**What the task requires**: Only the lines in the entries below from the line with "When building a" to the line with "Designed with a", both included, belong in the answer, transcribed exactly and without pictures.

**Material shown**:
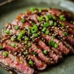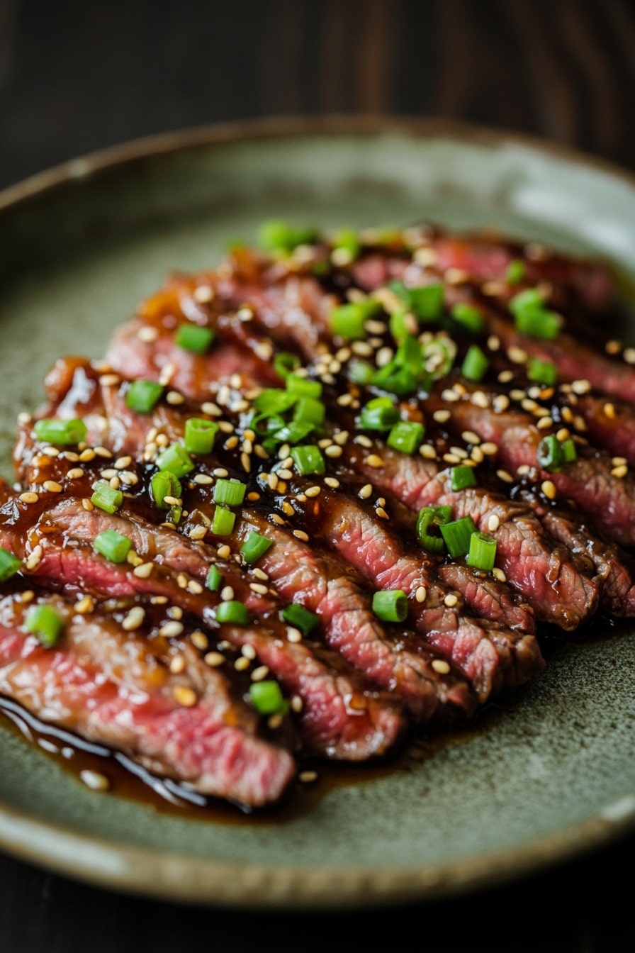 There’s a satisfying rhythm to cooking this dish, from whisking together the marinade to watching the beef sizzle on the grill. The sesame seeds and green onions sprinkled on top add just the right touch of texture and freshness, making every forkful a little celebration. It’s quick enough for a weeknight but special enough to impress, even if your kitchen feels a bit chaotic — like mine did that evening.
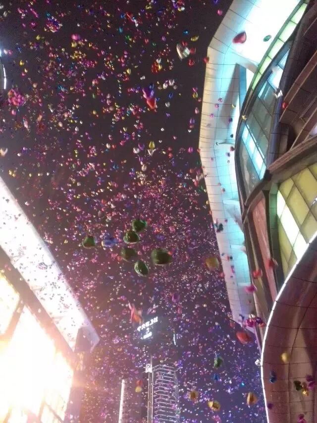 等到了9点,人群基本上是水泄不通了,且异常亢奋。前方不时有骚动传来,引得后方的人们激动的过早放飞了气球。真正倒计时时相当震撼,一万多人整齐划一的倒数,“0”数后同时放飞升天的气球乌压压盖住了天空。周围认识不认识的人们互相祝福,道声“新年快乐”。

* * *

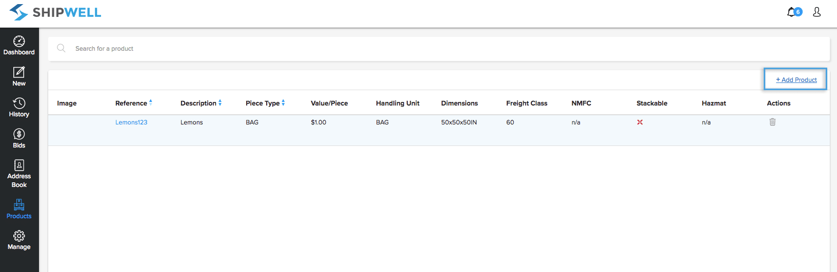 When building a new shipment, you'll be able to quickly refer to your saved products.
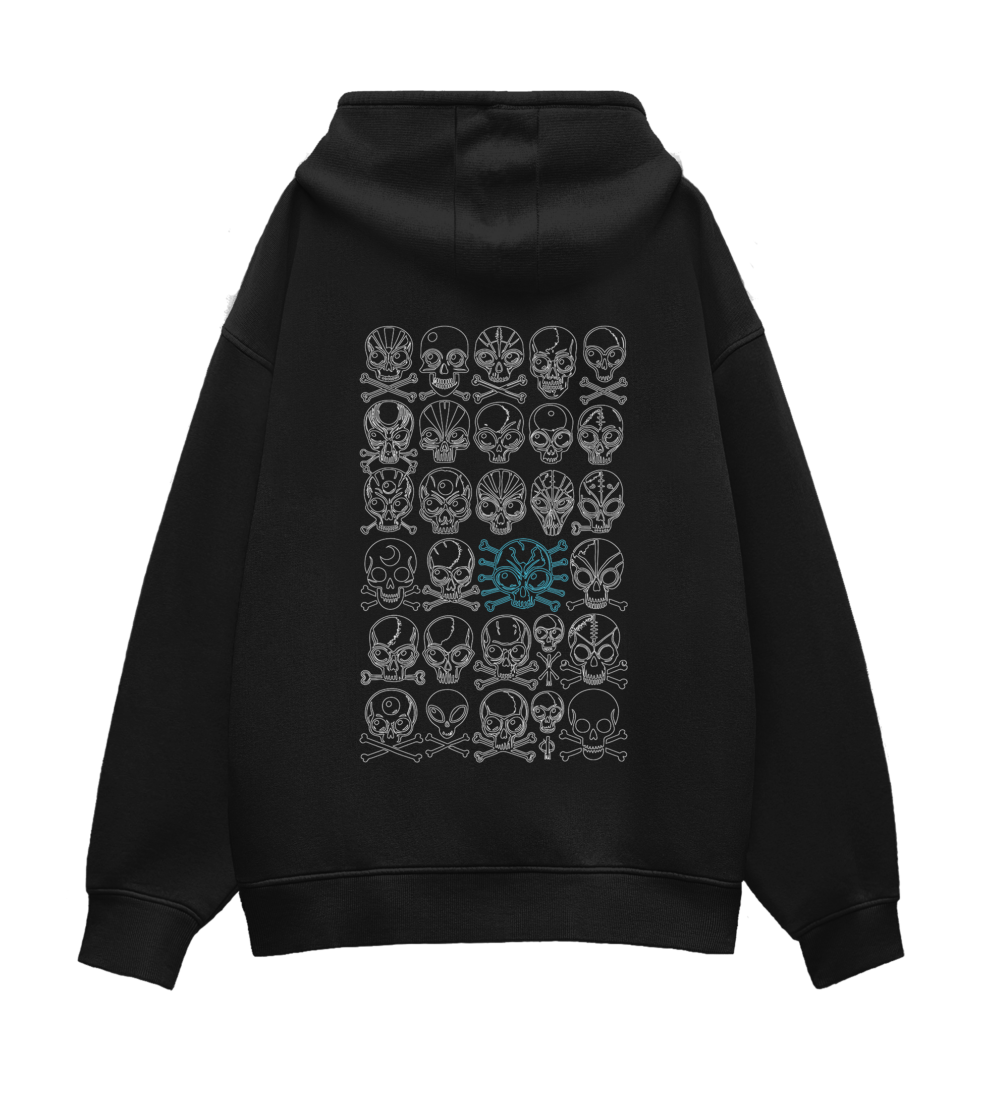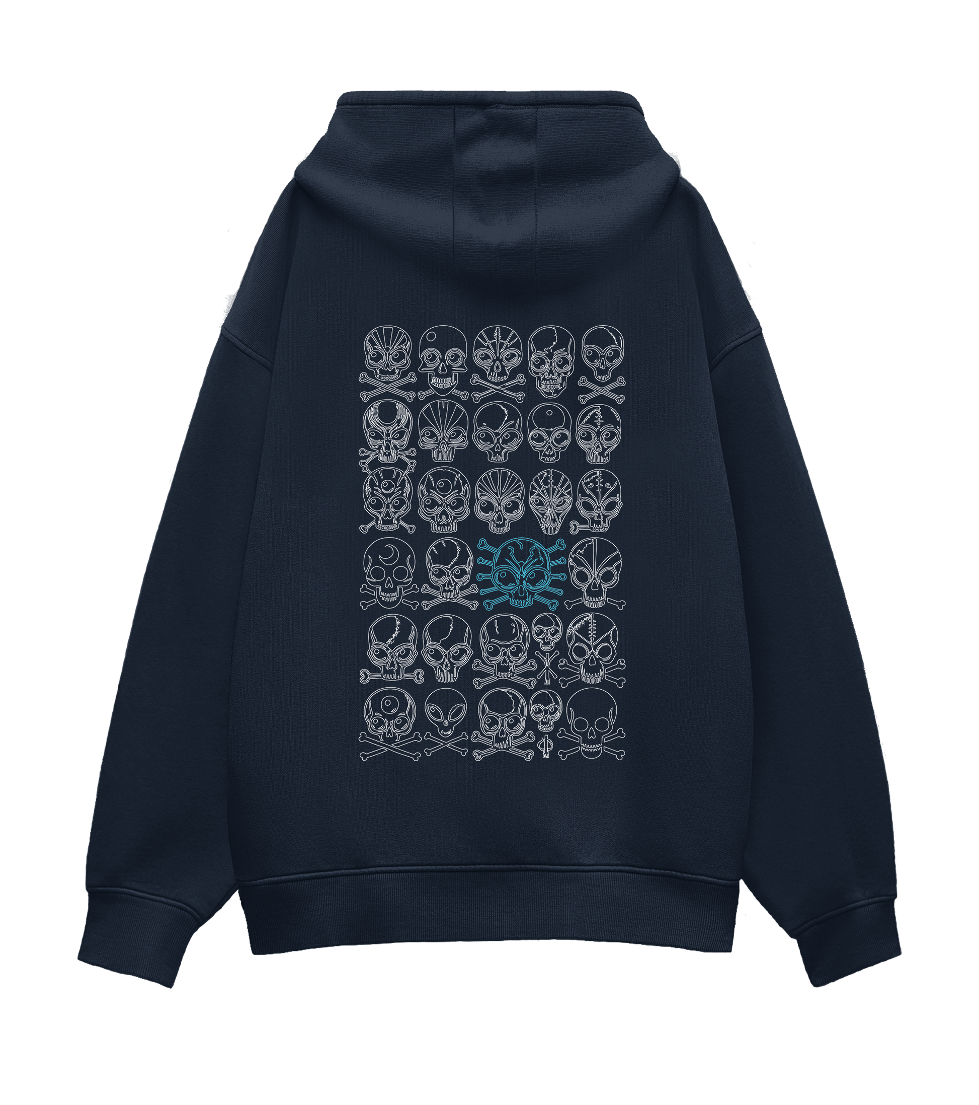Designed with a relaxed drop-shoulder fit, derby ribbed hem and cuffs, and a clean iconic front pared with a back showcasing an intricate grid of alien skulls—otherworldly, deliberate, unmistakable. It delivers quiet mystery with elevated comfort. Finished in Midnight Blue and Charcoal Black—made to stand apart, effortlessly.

**Solution to this task**:
 When building a new shipment, you'll be able to quickly refer to your saved products.
Designed with a relaxed drop-shoulder fit, derby ribbed hem and cuffs, and a clean iconic front pared with a back showcasing an intricate grid of alien skulls—otherworldly, deliberate, unmistakable. It delivers quiet mystery with elevated comfort. Finished in Midnight Blue and Charcoal Black—made to stand apart, effortlessly.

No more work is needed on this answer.